◆ **PROBLEM TO SOLVE**:
Although pictures appear in the data, the answer should contain only the lines from its start through the line with "Capacity management involves", written out exactly.

****************

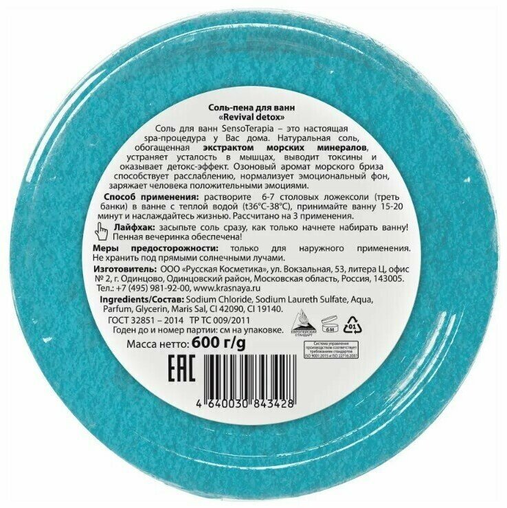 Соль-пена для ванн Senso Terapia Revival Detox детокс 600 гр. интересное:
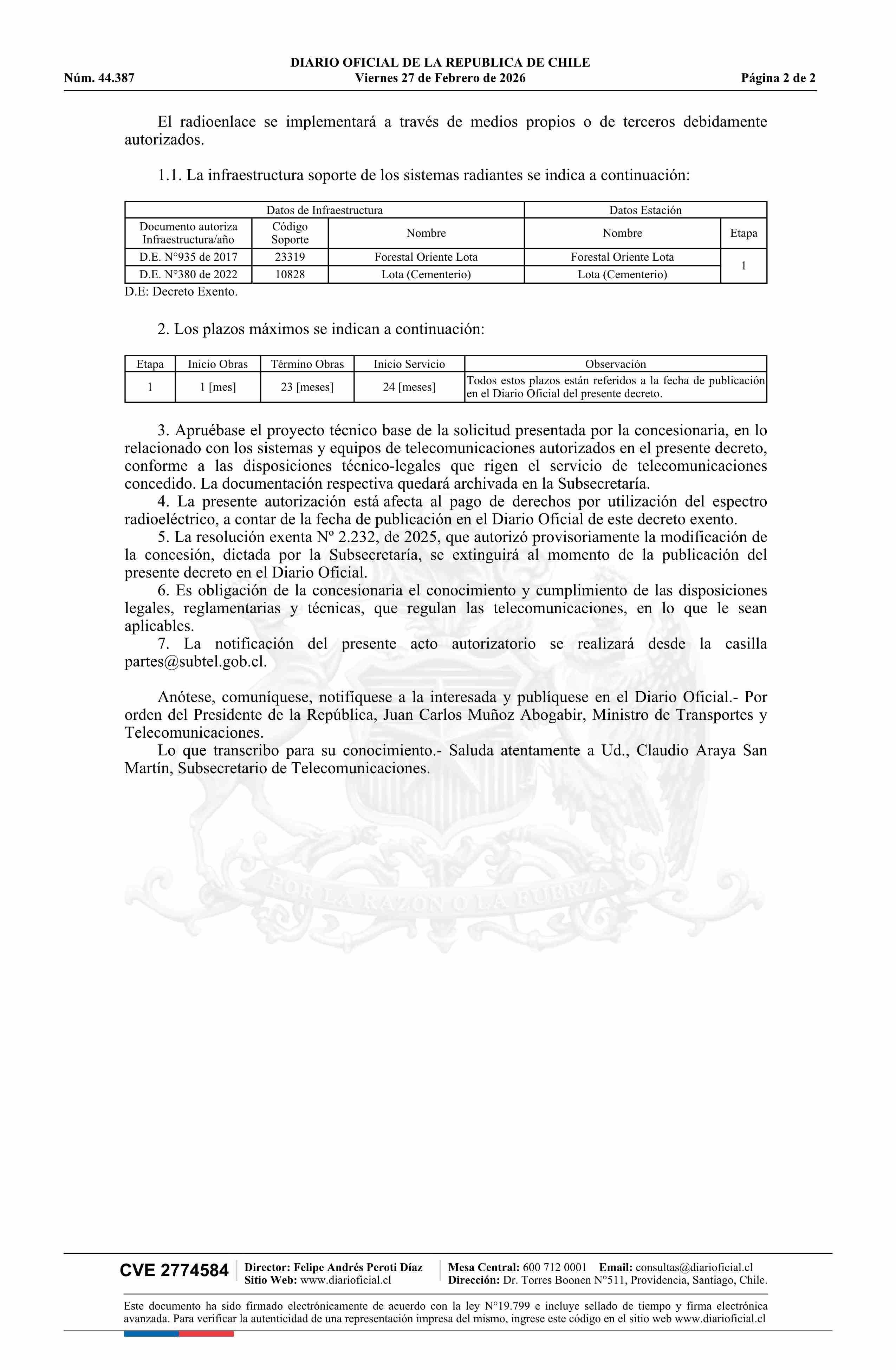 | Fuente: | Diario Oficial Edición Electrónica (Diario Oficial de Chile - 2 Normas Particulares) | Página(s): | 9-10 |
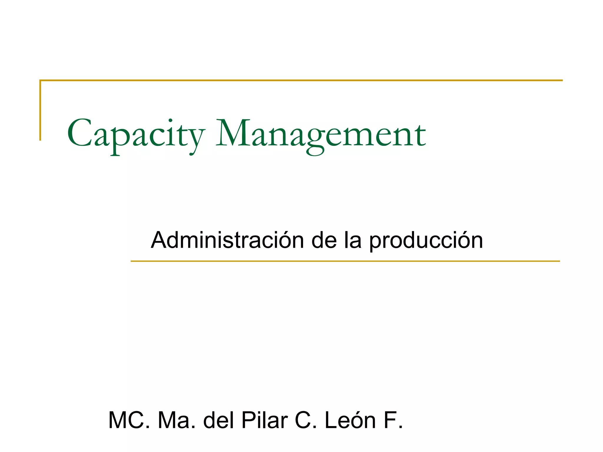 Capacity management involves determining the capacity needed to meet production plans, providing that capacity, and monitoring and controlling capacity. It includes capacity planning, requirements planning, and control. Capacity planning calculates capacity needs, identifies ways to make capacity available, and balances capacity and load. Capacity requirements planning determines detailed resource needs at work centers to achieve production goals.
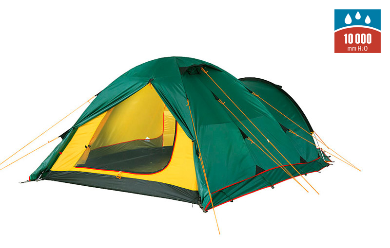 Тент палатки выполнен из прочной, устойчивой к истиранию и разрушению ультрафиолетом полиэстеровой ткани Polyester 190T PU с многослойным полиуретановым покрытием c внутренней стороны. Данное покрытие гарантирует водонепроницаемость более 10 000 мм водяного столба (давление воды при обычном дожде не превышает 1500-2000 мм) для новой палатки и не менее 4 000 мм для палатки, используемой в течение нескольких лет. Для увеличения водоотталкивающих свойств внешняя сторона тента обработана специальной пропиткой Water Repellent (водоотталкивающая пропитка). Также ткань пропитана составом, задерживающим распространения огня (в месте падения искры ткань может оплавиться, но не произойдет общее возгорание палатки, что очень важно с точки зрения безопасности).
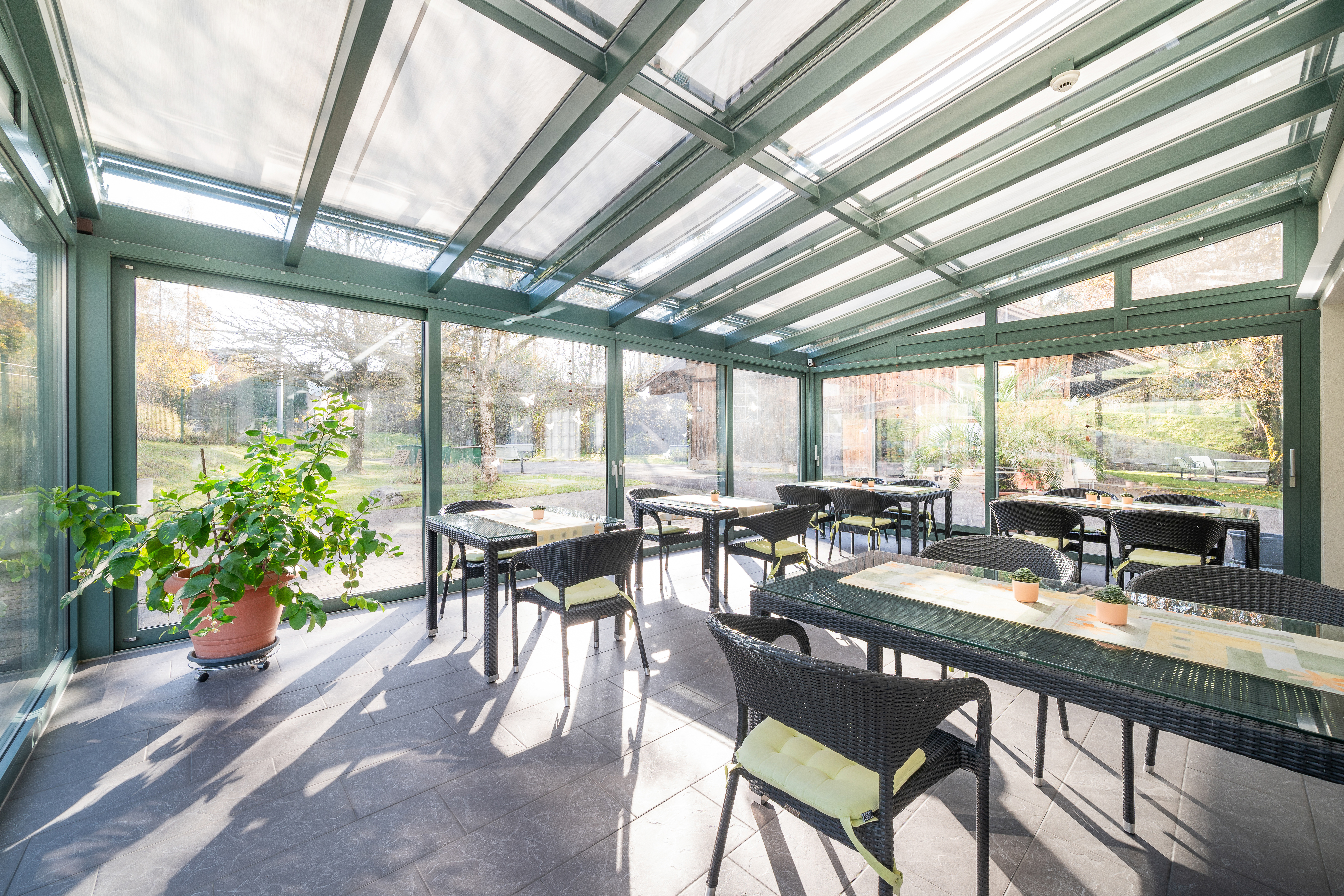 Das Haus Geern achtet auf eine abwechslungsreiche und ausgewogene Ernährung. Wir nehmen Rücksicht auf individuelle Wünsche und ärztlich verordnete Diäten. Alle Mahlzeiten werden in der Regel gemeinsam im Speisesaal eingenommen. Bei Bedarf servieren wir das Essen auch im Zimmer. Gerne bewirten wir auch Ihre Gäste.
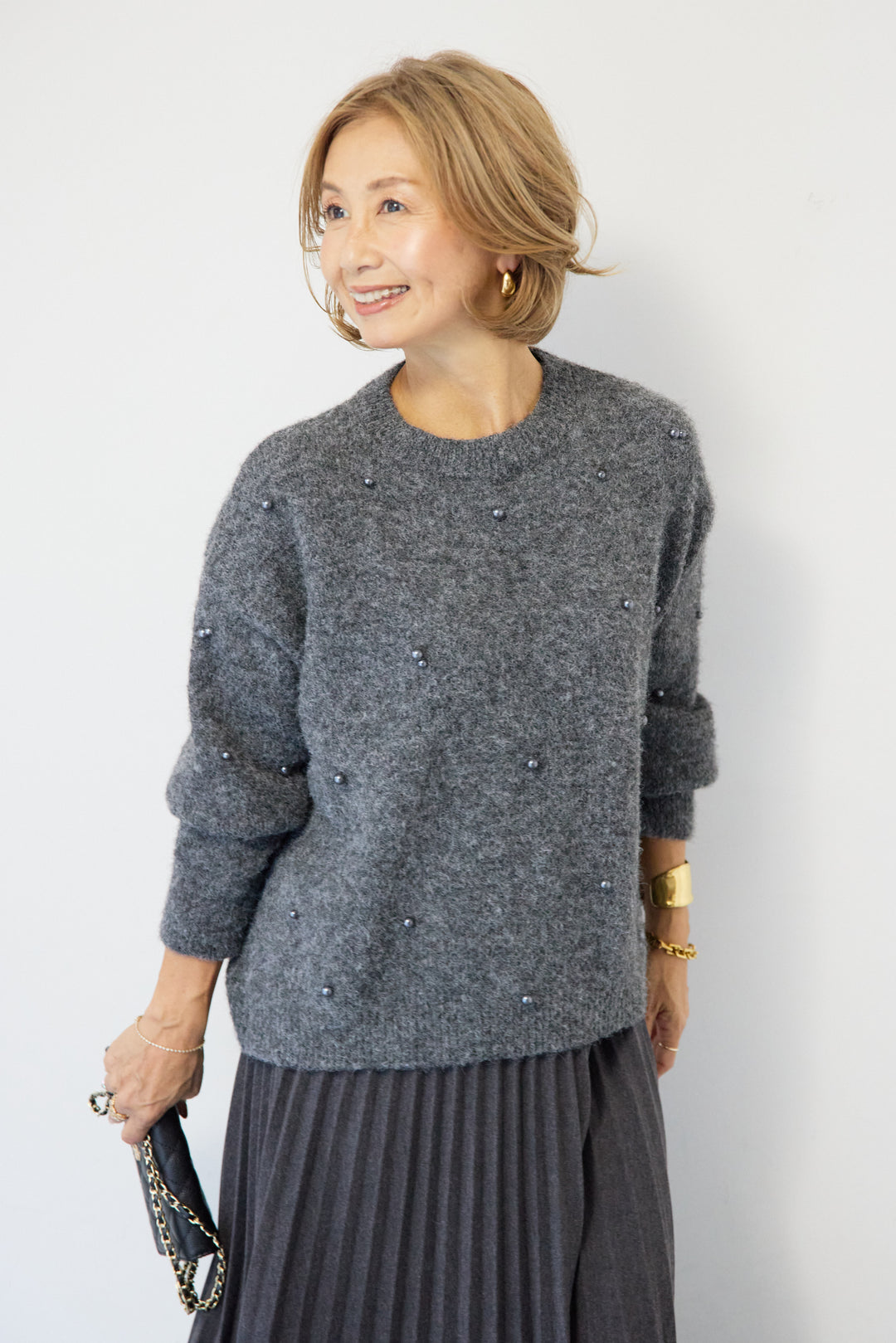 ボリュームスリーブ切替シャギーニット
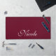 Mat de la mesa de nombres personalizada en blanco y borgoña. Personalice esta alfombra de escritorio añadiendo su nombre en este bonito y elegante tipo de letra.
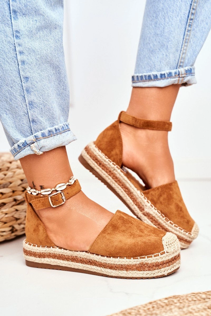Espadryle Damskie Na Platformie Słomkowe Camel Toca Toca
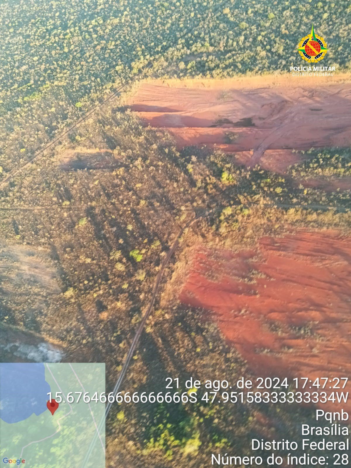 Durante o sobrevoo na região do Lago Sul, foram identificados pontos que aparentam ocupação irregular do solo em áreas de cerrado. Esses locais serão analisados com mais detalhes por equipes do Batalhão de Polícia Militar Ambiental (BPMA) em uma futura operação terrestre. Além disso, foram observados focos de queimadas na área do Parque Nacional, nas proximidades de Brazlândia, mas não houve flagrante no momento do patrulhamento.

****************

◆ **EXPECTED OUTPUT**:
 Соль-пена для ванн Senso Terapia Revival Detox детокс 600 гр. интересное:
 | Fuente: | Diario Oficial Edición Electrónica (Diario Oficial de Chile - 2 Normas Particulares) | Página(s): | 9-10 |
 Capacity management involves determining the capacity needed to meet production plans, providing that capacity, and monitoring and controlling capacity. It includes capacity planning, requirements planning, and control. Capacity planning calculates capacity needs, identifies ways to make capacity available, and balances capacity and load. Capacity requirements planning determines detailed resource needs at work centers to achieve production goals.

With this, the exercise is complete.